Le 16 février 2015 vers 1 h 30, Hussain Jawad, président de l’Organisation européenne-bahreïnite pour les droits humains, a été arrêté par des agents de police cagoulés et en civil. Il a alors été conduit à la Direction des enquêtes criminelles, où il a subi des sévices et a été forcé d’« avouer » qu’il avait « lancé des cocktails Molotov » et participé à un « rassemblement illégal », sous peine d’être torturé à nouveau.

Le militant a ensuite été conduit au ministère public pour répondre des accusations portées contre lui.

Il a affirmé avoir été victime de torture et d’autres mauvais traitements aux mains d’agents de la CID, et nié les faits qui lui étaient reprochés. Le ministère public a ordonné sa remise en liberté mais au lieu de ça, cet homme a été ramené à la CID, où il semble avoir subi de nouveaux sévices.

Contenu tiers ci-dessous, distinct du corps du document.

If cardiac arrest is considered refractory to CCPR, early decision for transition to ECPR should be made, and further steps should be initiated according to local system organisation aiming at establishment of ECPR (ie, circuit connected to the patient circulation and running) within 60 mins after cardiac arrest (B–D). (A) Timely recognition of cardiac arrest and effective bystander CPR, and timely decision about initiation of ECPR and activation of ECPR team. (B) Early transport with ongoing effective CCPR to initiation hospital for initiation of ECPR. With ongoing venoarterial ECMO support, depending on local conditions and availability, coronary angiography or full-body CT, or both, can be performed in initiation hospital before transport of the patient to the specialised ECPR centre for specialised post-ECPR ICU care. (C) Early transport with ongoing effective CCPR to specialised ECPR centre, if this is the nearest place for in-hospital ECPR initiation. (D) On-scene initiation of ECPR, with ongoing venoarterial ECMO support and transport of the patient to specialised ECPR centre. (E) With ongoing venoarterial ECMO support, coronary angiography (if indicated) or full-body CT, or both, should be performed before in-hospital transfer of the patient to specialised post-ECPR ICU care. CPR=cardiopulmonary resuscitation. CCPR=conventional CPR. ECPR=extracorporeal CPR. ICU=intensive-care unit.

Le 21 février, Hussain Jawad a été conduit une nouvelle fois devant le ministère public, qui l’a inculpé de « collecte d’argent en faveur de groupes terroristes », de « soutien et financement de groupes terroristes » et de « collecte d’argent sans autorisation » en vertu de l’article 14 de la Loi n° 21 relative à la collecte de fonds dans l’intérêt public. Cet homme a alors « avoué » avoir commis ces actes, puis il a été transféré vers l’hôpital du ministère de l’Intérieur à Al Qalaa, où un médecin l’a examiné. Il a ensuite été amené à la prison de Dry Dock, au nord-est de Manama, la capitale du pays.

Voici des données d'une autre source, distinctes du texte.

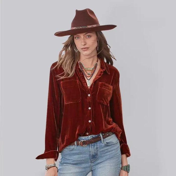 Crafted from plush velvet, this button-up shirt is updated with pockets and features a classic spread collar.

Le militant a été de nouveau déféré au ministère public le 23 février, devant lequel il a indiqué avoir été torturé et nié toutes les charges retenues contre lui, en affirmant avoir été forcé à repasser aux « aveux ».

Dans sa réponse à une lettre d’Amnesty International, le médiateur du ministère de l’Intérieur a indiqué qu’un membre de son équipe avait questionné Hussain Jawad après avoir reçu une plainte déposée par l’épouse de cet homme, mais celui-ci a dit ne pas avoir été battu mais seulement menacé de sévices s’il ne coopérait pas. Le militant a expliqué à Amnesty International qu’il pensait que la personne qui lui avait rendu visite appartenait à la CID, et c’est pourquoi il avait eu peur de lui parler des actes de torture qu’il avait subis.

Le 17 mars 2015, cet homme est apparu en même temps que deux autres personnes devant le tribunal de première instance de Manama pour répondre des chefs d’accusation de « collecte et réception et d’argent sur le territoire national et depuis l’étranger en vue de financer des groupes d’opposition ». Il a expliqué au jugé avoir été obligé d’« avouer » ces charges et affirmé être pris pour cible en raison de son travail de défense droits humains.